Cluster Federation

Single-center asymmetric node federation — one brain orchestrates many machines while the cluster keeps exactly one mind. Reverse RPC, node_invoke, command allowlists, and approval routing.

"One core, many shells" gives one brain many I/O channels. Cluster Federation extends the same principle to one brain, many execution bodies: a single center aleph-server orchestrates work across several physical machines (nodes) — while preserving the hard rule that the cluster has exactly one mind.

This is the "one core, many bodies" extension of Single-Core Multi-Terminal. The center is still the only reasoning core; nodes are pure execution arms.

For how a single shell attaches to a single core (local or remote), see Desktop Bridge. This page is about the orthogonal axis: how the center commands many nodes.

Topology: Single-Center, Asymmetric

Aleph deliberately rejects symmetric mesh, multi-master, and distributed consensus. The cluster is one center + N nodes:

        [Human / Aleph Channel]              ← attaches to the single front door (center),
              │ JSON-RPC over WS                local or remote, mutually exclusive
              ▼
   ╔══════════════════════════╗
   ║   Center Aleph Core       ║   The LLM sees exactly TWO cluster tools:
   ║   (the only brain)        ║     environments.list      (read)
   ║   Think → Act loop        ║     node_invoke(node, cmd, params)  (write)
   ║                           ║
   ║  ┌────────────────────┐   ║   NodeRegistry: nodes_by_id / nodes_by_conn
   ║  │ src/cluster/        │   ║   pending_invokes: reverse-RPC id correlation
   ║  │  NodeRegistry        │   ║
   ║  │  env aggregation +   │   ║
   ║  │  routing             │   ║
   ║  └─────────┬──────────┘   ║
   ╚════════════│═════════════╝
   center→node  │ node.invoke         node→center ▲ events
   (reverse RPC)│ (over the node's    (push back)  │
                │  always-open WS)
        ┌───────┴───────┬───────────────────┐
        ▼               ▼                   ▼
   ┌─────────┐     ┌─────────┐        ┌──────────┐
   │ Node B   │    │ Node C   │        │  local   │
   │NodeClient│    │NodeClient│        │ (the host│
   │ dials →  │    │ dials →  │        │  is also │
   │  center  │    │  center  │        │  an env) │
   │ declares │    │ declares │        └──────────┘
   │ commands │    │ commands │
   │ executes │    │ executes │
   │ locally  │    │ locally  │
   └─────────┘     └─────────┘
   node = pure execution arm: receives node.invoke → runs a local
   tool/agent → returns result + events

Dimension	Decision
Topology	Single-center asymmetric: 1 center (the only brain, holds the `NodeRegistry` + orchestration) + N nodes (pure execution arms that dial in).
Front door	The center is the only entry point.

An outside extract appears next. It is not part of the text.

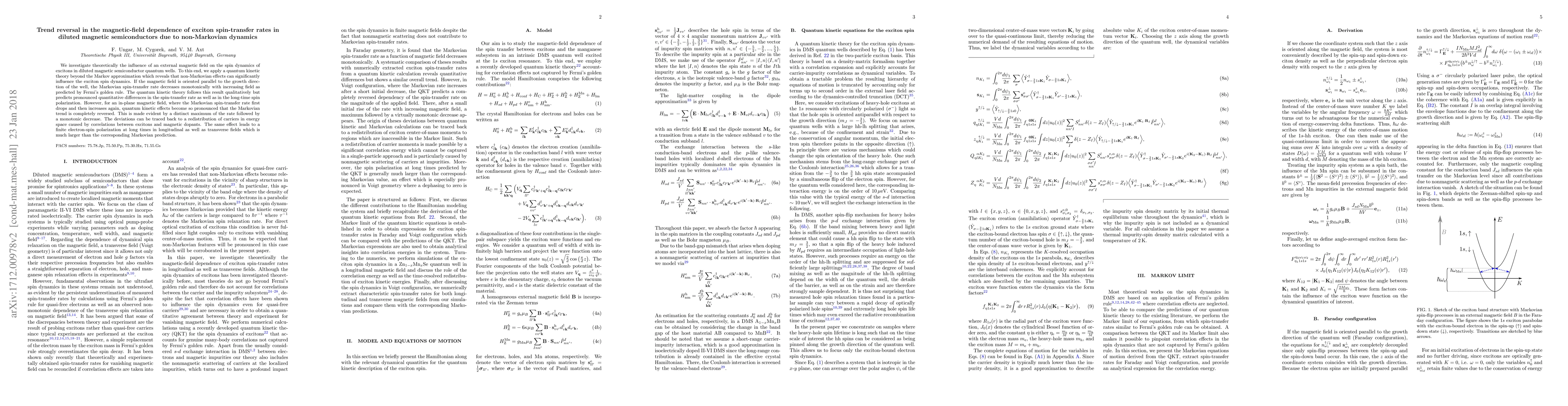 We investigate theoretically the influence of an external magnetic field on the spin dynamics of excitons in diluted magnetic semiconductor quantum wells. To this end, we apply a quantum kinetic theory beyond the Markov approximation which reveals that non-Markovian effects can significantly influence the exciton spin dynamics. If the magnetic field is oriented parallel to the growth direction of the well, the Markovian spin-transfer rate decreases monotonically with increasing field as predicted by Fermi's golden rule. The quantum kinetic theory follows this result qualitatively but predicts pronounced quantitative differences in the spin-transfer rate as well as in the long-time spin polarization. However, for an in-plane magnetic field, where the Markovian spin-transfer rate first drops and then increases again, quantum kinetic effects become so pronounced that the Markovian trend is completely reversed. This is made evident by a distinct maximum of the rate followed by a monotonic decrease. The deviations can be traced back to a redistribution of carriers in energy space caused by correlations between excitons and magnetic dopants. The same effect leads to a finite electron-spin polarization at long times in longitudinal as well as transverse fields which is much larger than the corresponding Markovian prediction.

Connecting to a node ≠ using the cluster — a node cannot see or orchestrate the cluster. Operating the cluster remotely means remotely connecting a channel to the center.
Dial direction	Nodes dial out to the center (NAT-friendly), not the other way around.
Identity	Identity = (the core you connect to) × (the tier that core grants your device). Reuses the existing pairing + operator/guest + chat/config model. No new identity system.
Memory	Center memory = cluster memory. No distributed shared memory. A node's sub-agent uses the node's local memory; results flow back to the center.
Dual role	A machine is exactly one of: standalone / center / node. No machine is simultaneously a center and someone else's node.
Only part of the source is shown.